We are also facing the same issue on Jenkins 1.624. I had to reboot it. Please someone help. This looks like its been going on for while.
Just seen the same issue on Jenkins 1.642.1 Linux master. the fix was to restart tomcat and the windows slaves reconnected automatically.
Found several instances of: Ping started at xxxxxx hasn't completed by xxxxxxx in the logs.
Is setting jenkins.slaves.NioChannelSelector.disabled property to true a viable workaround?
Same issue here. Only this time, my tests never get done. The slaves area always dropping during the tests please halp!!
I am not sure we can proceed much on this issue. Just to summarize changes related to several reports above...
- Jenkins 2.50+ introduced runaway process termination in new Windows service termination. It should help with the "is already connected to this master" issues being reported to Windows service agents.
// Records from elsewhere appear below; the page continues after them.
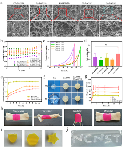 近期,燕山大学环境与化学工程学院张强团队通过模拟皮肤筋膜层的多级次纤维网络结构,制备出基于核壳纳米纤维的复合水凝胶材料(CA-DAF-BSA@PFD),为实现慢性伤口的高质量愈合提供了新思路(图1)。
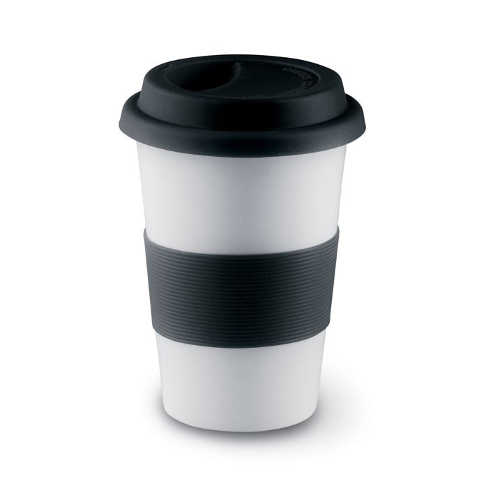 Keramička šalica sa silikonskim poklopcem i držačem. 400 ml. Nije pogodno za mikrovalnu. Keramički prijenos je održiv prilikom pranja u perilici.
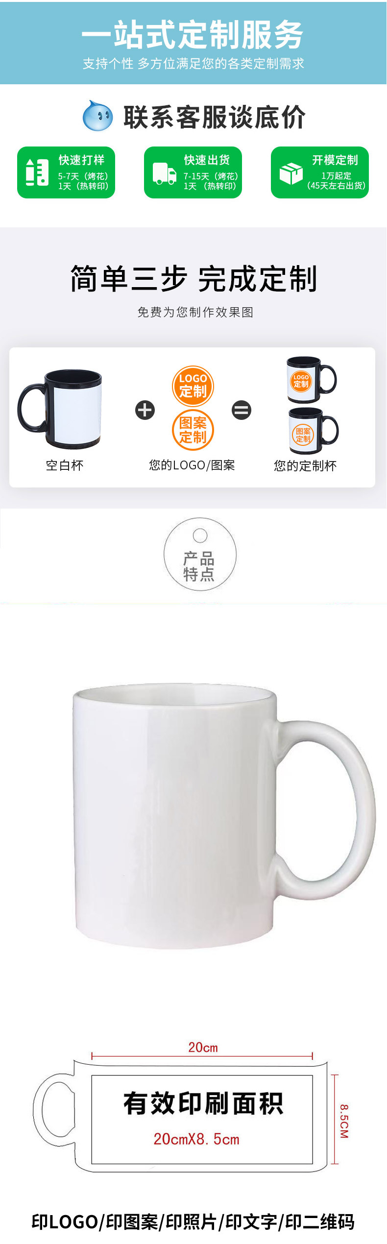 厂家批发创意陶瓷马克杯定 制照片Logo 热转印11oz咖啡杯水杯礼品
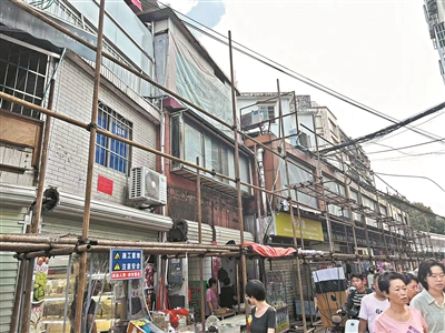 市场外围搭起了施工架。
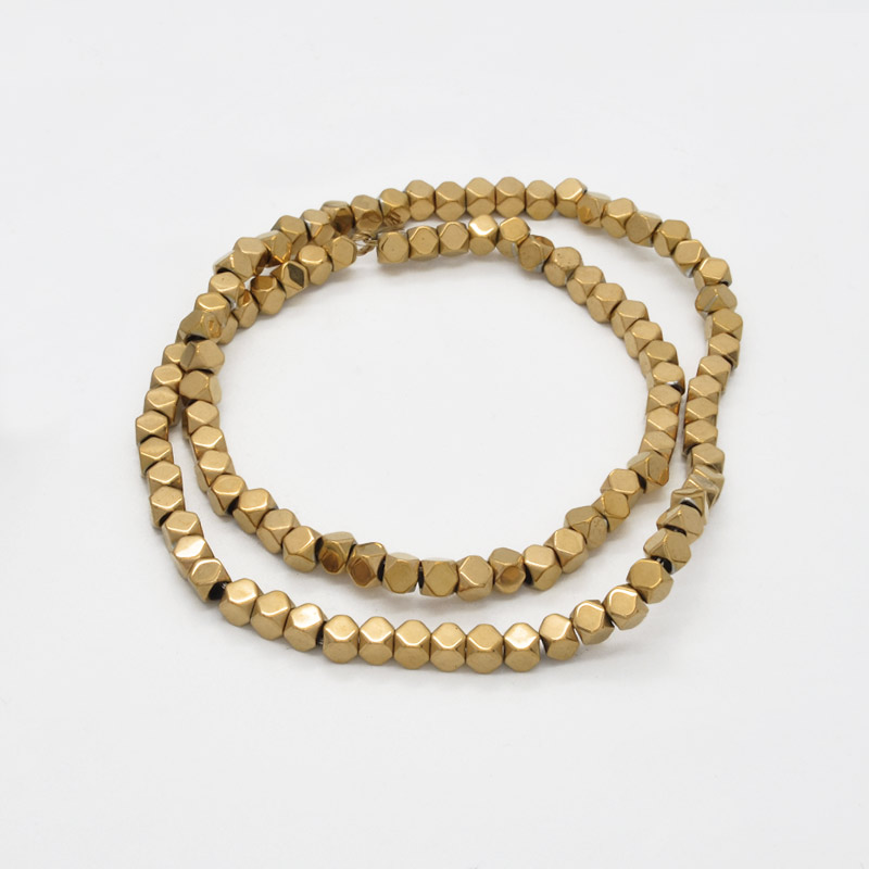 Бусины Гематит, Натур. камень, Кубик, 4х4х4 мм, С покрытием, Золотистые (BUS-051760) / 1 низка
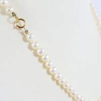 Collier d'un rang de perles de cultures : (diam. : 4,9 mm environ). Fermoir en or 750 mil. (Longueur : 38 cm environ). 11,7 g. brut.
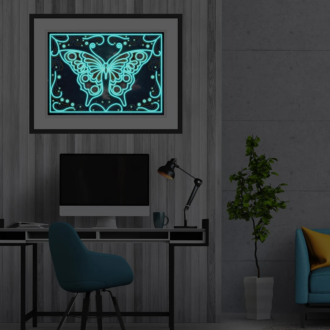 Алмазная живопись 5D со светящимися бабочками, круглые стразы, вышивка, смола, подарок светится ночью, настенные картины
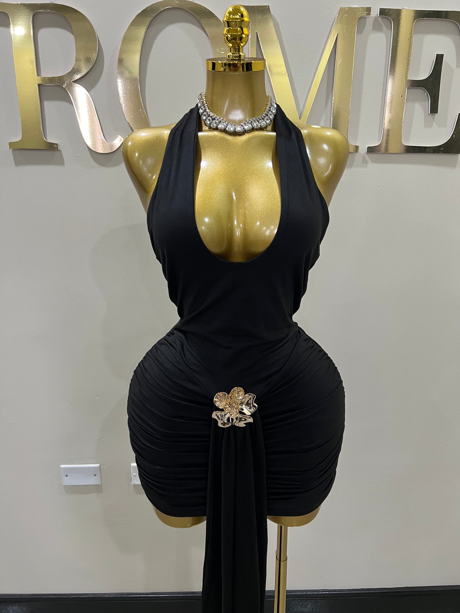 Nara Petal Short Dress (Black)
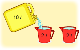 b) Rót đầy hai ca từ một can chứa đầy nước.
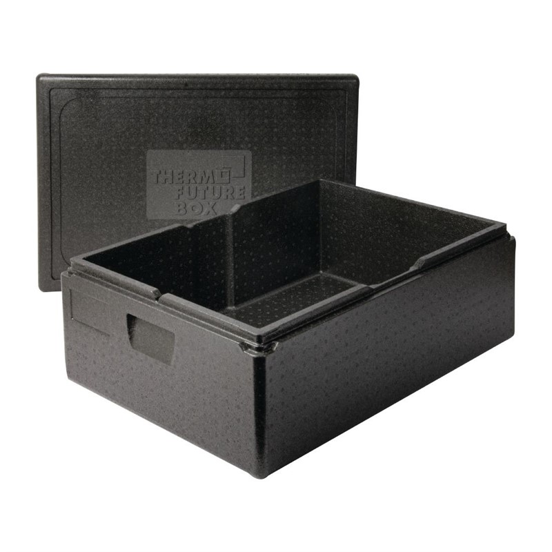Isolierte Thermobox für den Lebensmitteltransport in Bäckereien oder Metzgereien, wie Stapelbehälter, Backformen oder Tabletts im Format 60 x 60 cm. Die Thermo Future Box besteht aus expandiertem Polypropylen EPP. Das Material ist sehr strapazierfähig, leicht, spülmaschinenfest mit besten Isolationseigenschaften von minus 40°C bis plus 120°C. Thermo Future Box ist wiederverwendbar und zu 100 % recycelbar und schont die Umwelt.
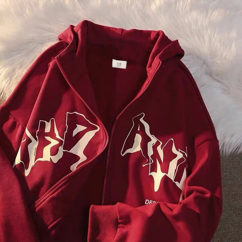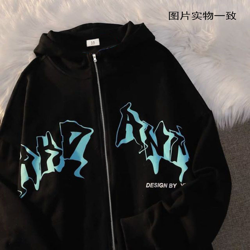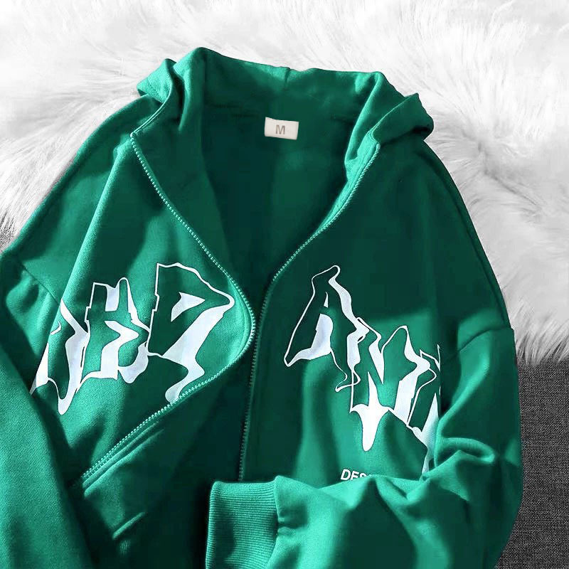 Letter Printed Hoodie Zipper Sweater
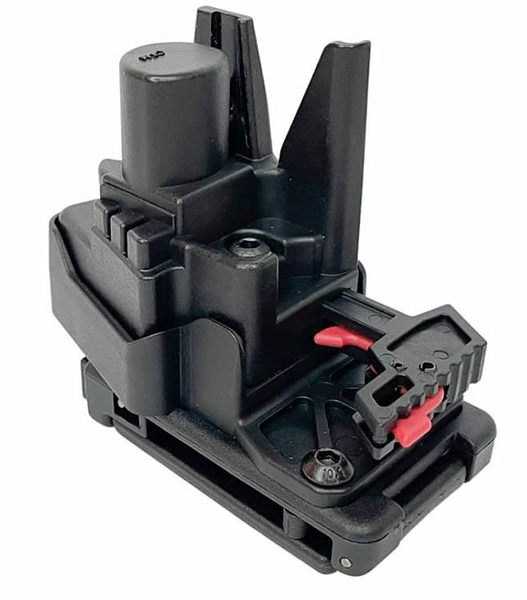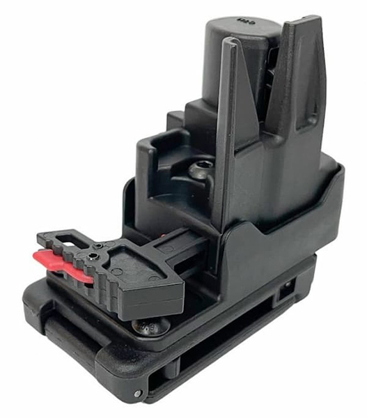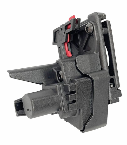 さらに、リリースレバーにも安全機構を搭載。見栄えの良い赤色で塗装されたレバーは、セーフティを同時に押し込んだ場合にのみ銃をリリースできる仕組みです。セーフティが押されていない場合、レバーは動かず、不意の解除(誤脱落)を防ぎます。
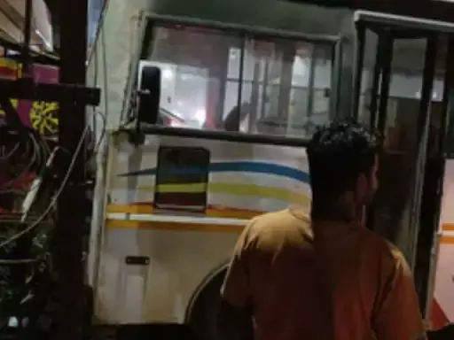 नशे में बस चालक ने मारी टक्कर, बिजली पोल से भिड़ी बस

See
JENKINS-39231 - Whatever happens in Jenkins after the "OutOfMemory" exception, it belongs to the "undefined behavior" area. Jenkins should ideally switch to the disabled state after it since the impact is not predictable
JENKINS-25218introduced fixes to FifoBuffer handling logic, all fixes are available in 2.60.1
In order to proceed with this issue, I need somebody to confirm it still happens on 2.60.1 and to provide new diagnostics info.
I'm having what seems to be this issue with Jenkins 2.138.3.
Every 3-4 days all the slaves node go offline although it seems to have no network problem. They return online once the master has been restarted.
In attachment you'll find the logs jenkins-slave.0.err.logmasterJenkins.log
Can one of you do the following. To help narrow down the possible leak areas it will be useful to capture process memory usage and JVM heap usage. Start your master process as normal. Then start 2 tools on the system and redirect the output to separate files. Both tools have low system resource usage.
Memory stats can be captured using pidstat. Specifically to capture resident set size.
$ pidstat -r -p <pid> 8 > /tmp/pidstat-capture.txt
JVM heap size and GC behavior. Specifically the percentage of reclaimed heap space after a full collection.
$ jstat -gcutil -t -h12 <pid> 8s > /tmp/jstat-capture.txt
Please attach the generated files to this issue.
Why would Jenkins think the nodes are already connected? Does it show the computers as still online? Is there anything in a specific node's log (assuming the excerpt is from main jenkins log)?